#### GOAL OF THE EXERCISE
After reading the data below, copy out every line that contains the word "your".

#### EXCERPTED RECORDS

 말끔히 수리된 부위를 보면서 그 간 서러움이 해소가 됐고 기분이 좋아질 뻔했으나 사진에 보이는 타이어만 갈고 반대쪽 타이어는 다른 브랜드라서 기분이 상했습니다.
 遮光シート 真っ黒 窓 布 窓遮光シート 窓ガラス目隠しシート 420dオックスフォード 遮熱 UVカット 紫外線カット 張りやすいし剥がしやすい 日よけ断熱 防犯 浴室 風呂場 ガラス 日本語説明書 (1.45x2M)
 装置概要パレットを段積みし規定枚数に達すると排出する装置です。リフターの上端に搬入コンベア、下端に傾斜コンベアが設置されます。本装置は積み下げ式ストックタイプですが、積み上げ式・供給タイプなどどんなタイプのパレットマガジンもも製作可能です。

---

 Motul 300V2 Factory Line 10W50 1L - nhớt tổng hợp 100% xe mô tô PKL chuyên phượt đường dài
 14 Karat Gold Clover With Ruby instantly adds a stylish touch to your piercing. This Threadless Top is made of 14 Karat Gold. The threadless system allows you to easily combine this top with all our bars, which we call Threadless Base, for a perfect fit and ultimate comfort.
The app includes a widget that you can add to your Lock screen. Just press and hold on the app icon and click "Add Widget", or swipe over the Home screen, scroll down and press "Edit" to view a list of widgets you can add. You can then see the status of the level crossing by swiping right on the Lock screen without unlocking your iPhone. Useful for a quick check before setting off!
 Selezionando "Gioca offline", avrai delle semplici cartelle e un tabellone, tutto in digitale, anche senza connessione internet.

---

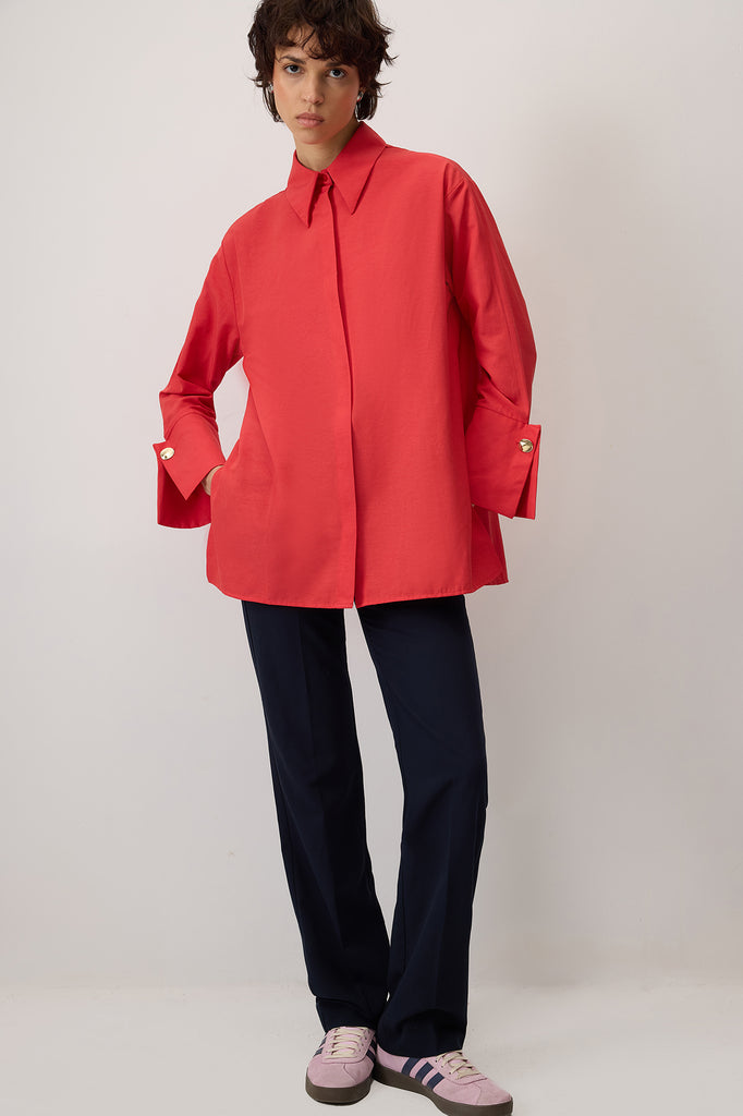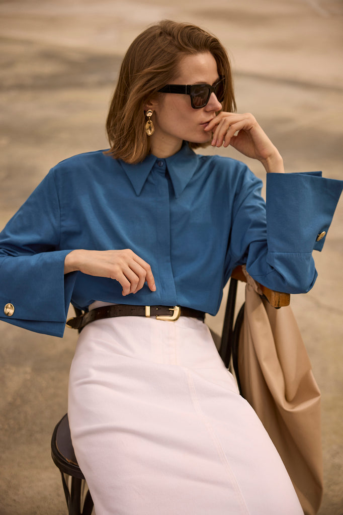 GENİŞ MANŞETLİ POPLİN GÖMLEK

#### FINISHED EXERCISE
 14 Karat Gold Clover With Ruby instantly adds a stylish touch to your piercing. This Threadless Top is made of 14 Karat Gold. The threadless system allows you to easily combine this top with all our bars, which we call Threadless Base, for a perfect fit and ultimate comfort.
The app includes a widget that you can add to your Lock screen. Just press and hold on the app icon and click "Add Widget", or swipe over the Home screen, scroll down and press "Edit" to view a list of widgets you can add. You can then see the status of the level crossing by swiping right on the Lock screen without unlocking your iPhone. Useful for a quick check before setting off!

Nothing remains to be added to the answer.